Master Gardener Cheryl Wahlstrom will offer a workshop on “Protecting and encouraging native pollinators in your garden.” Melanie Smith from RTPI will discuss non-native ornamental plants and how they negatively impact the wildlife in our area, as well as offer different landscaping options with plants that perform important ecosystem functions.
Growing in Popularity
The fair began with 14 vendors in 2011. Because of enthusiastic community support it was moved to the Northwest Arena in 2015. Linnea Carlson said, “[From the beginning] the goal was always to further beautification and greening efforts. How we’ve grown shows the support of the community.” This year they will use both skating rinks with a total of 65 vendors.
“There is something for everyone at this event; gardeners, handymen, home owners, families, community advocates, and those simply looking for a fun, inexpensive time. Admission and workshops are free! We know that everyone who attends, whether they are looking to start a home garden or simply learn about local businesses to frequent, will learn something new!”
As in years past, the Title Sponsor is Mike’s Nursery in Lakewood. Mike will continue his tradition of donating free tomato seedlings to those attending. Persell Produce Patch is sponsoring children’s activities. See the list of sponsoring vendors on this page.
More workshops this year are geared toward home improvement and curb appeal. They are held throughout the day and last about 45 minutes each. The staff at JRC wanted to expand on what it means to “beautify,” including furniture refurbishing. Attendees can learn to mix milk paint, apply different top-coats, and work on a small project of their own.
A local realtor will be discussing ways to increase the property value of a home, and other professionals are scheduled to present on everything from construction to interior design.
Sherwin Williams will host a painting workshop and have information available on grants provided through the Paint Jamestown Program. The program, targeted towards the Southside of Jamestown and sponsored by UPMC Chautauqua, provides a booklet of historical colors for participants to choose from and matching funds up to $1,000 for exterior paint.
Before joining the JRC staff, Linnea Carlson worked for the Chautauqua County Health Network and helped introduce tower gardens to area schools. Keeping food sources local and contributing to the health of people in Chautauqua Country is a passion of hers.
“The overall health of the people in our city is an area we can improve upon.” Carlson said. “Urban Gardening has been shown to drive economic development and contribute positively to people in the city.” Community gardens are another initiative from GROW Jamestown aimed at revitalizing vacant lots into garden beds that can be rented for a small fee. Renters can grow flowers and vegetables in high quality soil.
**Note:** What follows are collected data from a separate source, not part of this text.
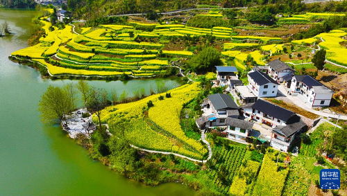 重慶市黔江區(qū)阿蓬江鎮(zhèn)大坪村油菜花開放(3月4日攝,無人機照片)。(新華社發(fā) 楊敏 攝)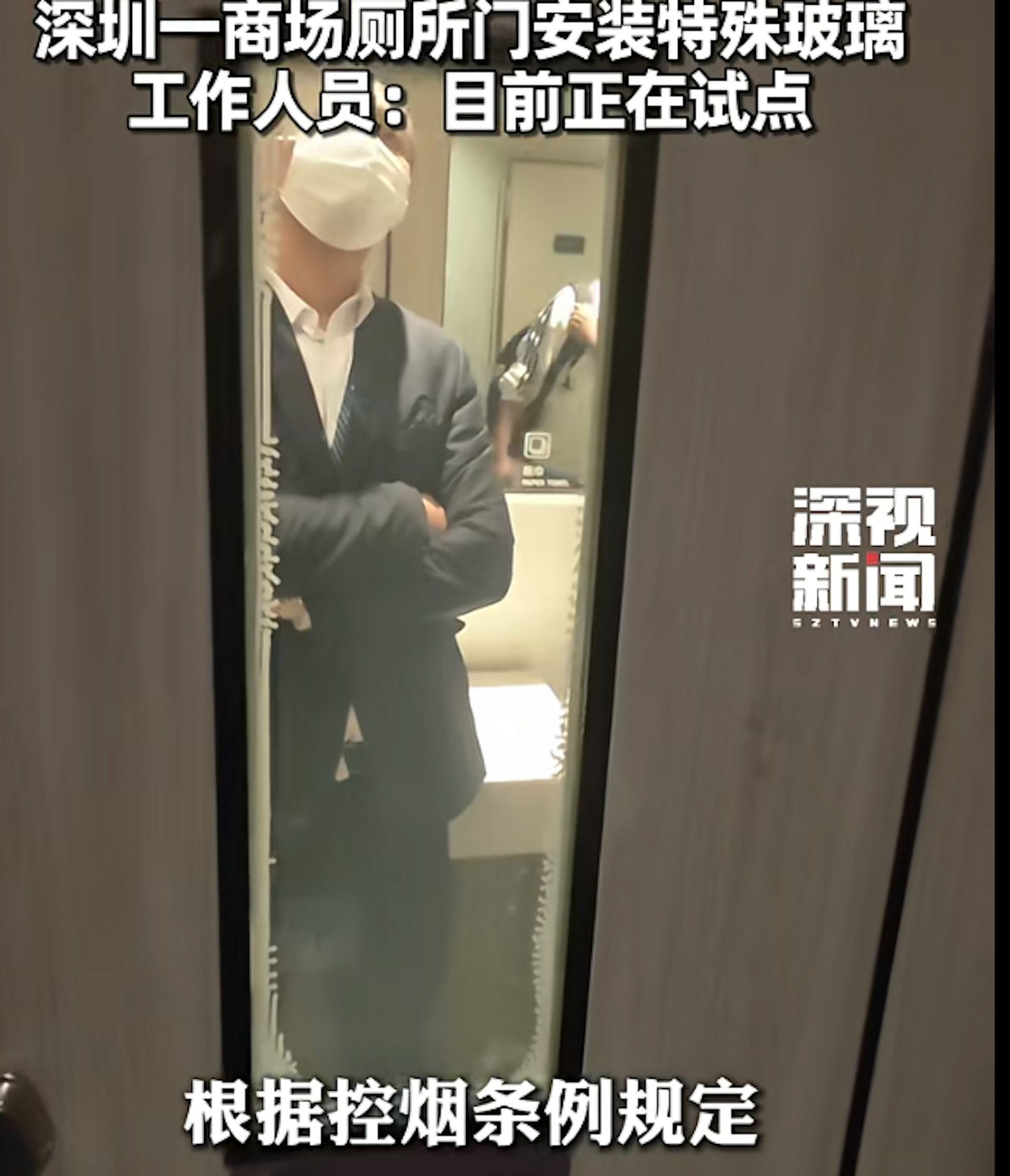 綜合內媒報道,有網民在深圳羅湖商場的男廁所拍到了一扇特殊的門,上面寫着「吸煙將使玻璃門變透明」,有人表示支持商場做法,但也有民眾認為該行為可能侵犯個人私隱。
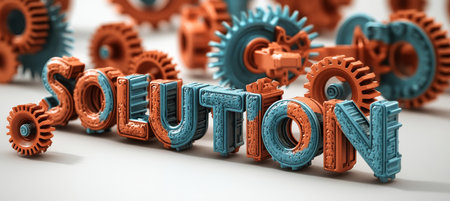 Solution spelled in vibrant orange and teal gears and cogs on white background, studio shot

These gardens, found on Washington Street, Lakeview Avenue, and Allen Street, are part of a long tradition of using city land to the positive end of growing food together. From the JRC website, “During the 20 th Century, Jamestown and other American cities promoted community gardening during World War I (Liberty Gardens), the Great Depression (Relief Gardens) and World War II (Victory Gardens) to augment food supplies.”
JRC also started the Front Garden Recognition program back in 2011, with the goal to encourage city residents to play an active role in beautifying Jamestown. Volunteer surveyors look at overall maintenance and balance of plants, shrubs, trees and grass and acknowledge the garden with a GROW Jamestown sign.
Whether we walk by our neighbor’s well – manicured flowers or glimpse pictures of a homesteader’s garden harvest, seeing how others dedicate themselves to a beautification project can inspire the most novice gardeners into projects of their own.
Linnea Carlson has some simple advice for all interested. “My advice is to take it one step at a time. There are so many ways to garden, and they are all such a beautiful thing. Come to the GROW Fair to make connections.”
For more information visit www.growjamestown.com or www.jamestownrenaissance.org for a full list of programs provided. To learn about renting a community garden, readers are encouraged to contact Mary Maxwell at email@example.com or call 716-489-3493.
2019 GROW Jamestown Garden Fair & Home Show Workshops
Grow Your Own Shitake Mushrooms – Green Heron
Learn the basics for starting your own outdoor shiitake mushroom logs. See the tools for innoculating logs, find out if you have the right conditions for growing shiitake, and get ready to enjoy producing this delicious fungi.
Landscaping for Butterflies – Jeff Tome
Butterflies need more from your yard than just a few flowers. Butterflies need caterpillar food plants that range in size from giant oaks to tiny violets. Learn how to assess your yard for what butterflies need at all their life stages in order to create a more perfect place for them to live. Learning how to landscape for butterflies is not always intuitive, since a good mix of butterflies requires a good mix of plants, shrubs and trees.
Pollinators – Cheryl Wahlstrom MG
Protecting and encouraging native pollinators in your garden.The
Aliens in Our Backyards: Invasive plants, the problems they cause, and practical native alternatives for landscaping – Melanie Smith – RTPI
Landscaping with non-native ornamental plants has transformed suburban/urban ecosystems throughout U.S. into a landscape dominated by plant species that evolved elsewhere. Non-native plants do not support native wildlife effectively, and they often cause various environmental and economic problems. Native plants perform important ecosystem functions, and these benefits are important for people as well as for native wildlife. During this workshop, we will discuss some of the most prevalent examples of non-native and invasive ornamental plants in our region, and learn about native species that can fill the same purposes in landscaping efforts.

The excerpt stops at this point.